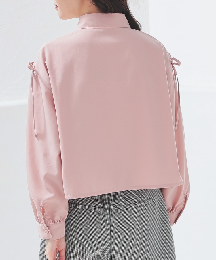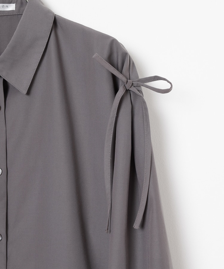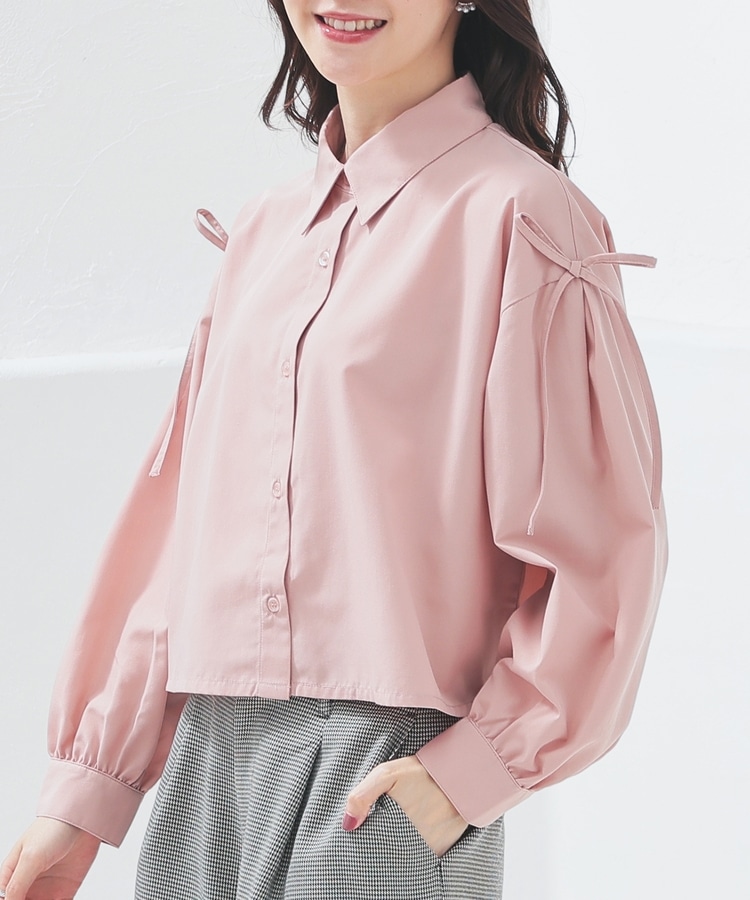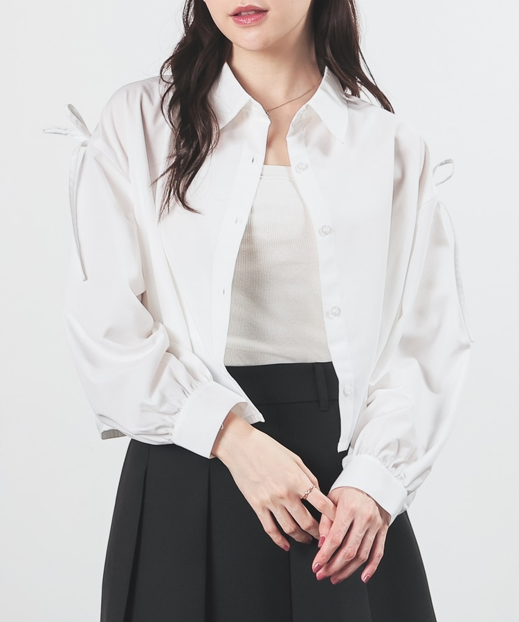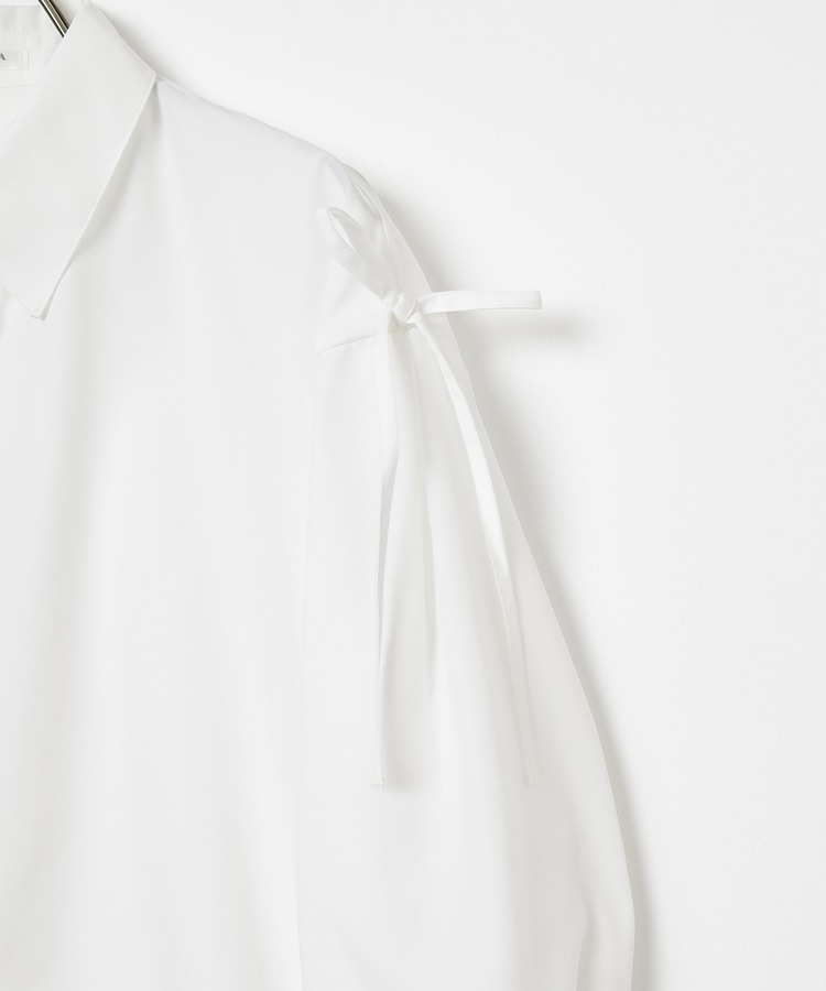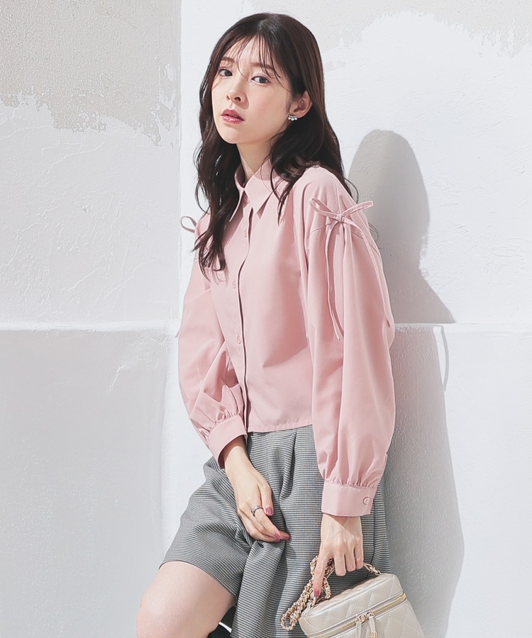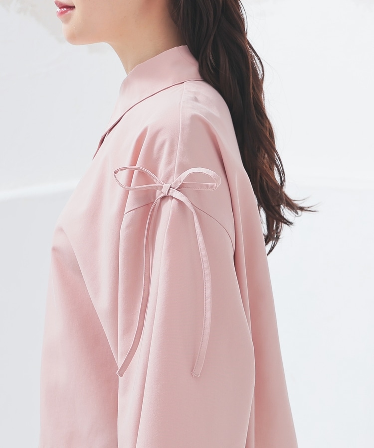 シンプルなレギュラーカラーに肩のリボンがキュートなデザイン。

--

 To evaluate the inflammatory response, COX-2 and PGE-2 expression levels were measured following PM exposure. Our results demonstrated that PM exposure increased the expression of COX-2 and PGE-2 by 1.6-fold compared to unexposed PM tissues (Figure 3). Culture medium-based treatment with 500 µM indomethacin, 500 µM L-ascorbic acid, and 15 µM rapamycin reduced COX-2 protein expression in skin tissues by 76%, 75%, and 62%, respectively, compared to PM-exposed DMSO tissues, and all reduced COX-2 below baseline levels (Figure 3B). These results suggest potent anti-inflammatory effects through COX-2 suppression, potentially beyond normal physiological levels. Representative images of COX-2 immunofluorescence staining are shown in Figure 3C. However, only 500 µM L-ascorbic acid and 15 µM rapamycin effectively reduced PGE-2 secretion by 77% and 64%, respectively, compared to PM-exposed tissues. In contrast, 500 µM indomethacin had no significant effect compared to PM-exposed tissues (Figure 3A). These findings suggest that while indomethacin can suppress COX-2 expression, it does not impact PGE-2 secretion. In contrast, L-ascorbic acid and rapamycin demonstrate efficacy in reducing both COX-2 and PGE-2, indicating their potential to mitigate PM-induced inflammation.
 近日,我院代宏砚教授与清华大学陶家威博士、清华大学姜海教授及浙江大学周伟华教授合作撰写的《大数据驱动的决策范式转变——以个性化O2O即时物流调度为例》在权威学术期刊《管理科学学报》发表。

Required action.
What you return must be an exact retyping of the lines above starting at the line with "To evaluate the" and ending at the line with "近日,我院代宏砚教授与清华大", and nothing besides.

Result.
 To evaluate the inflammatory response, COX-2 and PGE-2 expression levels were measured following PM exposure. Our results demonstrated that PM exposure increased the expression of COX-2 and PGE-2 by 1.6-fold compared to unexposed PM tissues (Figure 3). Culture medium-based treatment with 500 µM indomethacin, 500 µM L-ascorbic acid, and 15 µM rapamycin reduced COX-2 protein expression in skin tissues by 76%, 75%, and 62%, respectively, compared to PM-exposed DMSO tissues, and all reduced COX-2 below baseline levels (Figure 3B). These results suggest potent anti-inflammatory effects through COX-2 suppression, potentially beyond normal physiological levels. Representative images of COX-2 immunofluorescence staining are shown in Figure 3C. However, only 500 µM L-ascorbic acid and 15 µM rapamycin effectively reduced PGE-2 secretion by 77% and 64%, respectively, compared to PM-exposed tissues. In contrast, 500 µM indomethacin had no significant effect compared to PM-exposed tissues (Figure 3A). These findings suggest that while indomethacin can suppress COX-2 expression, it does not impact PGE-2 secretion. In contrast, L-ascorbic acid and rapamycin demonstrate efficacy in reducing both COX-2 and PGE-2, indicating their potential to mitigate PM-induced inflammation.
 近日,我院代宏砚教授与清华大学陶家威博士、清华大学姜海教授及浙江大学周伟华教授合作撰写的《大数据驱动的决策范式转变——以个性化O2O即时物流调度为例》在权威学术期刊《管理科学学报》发表。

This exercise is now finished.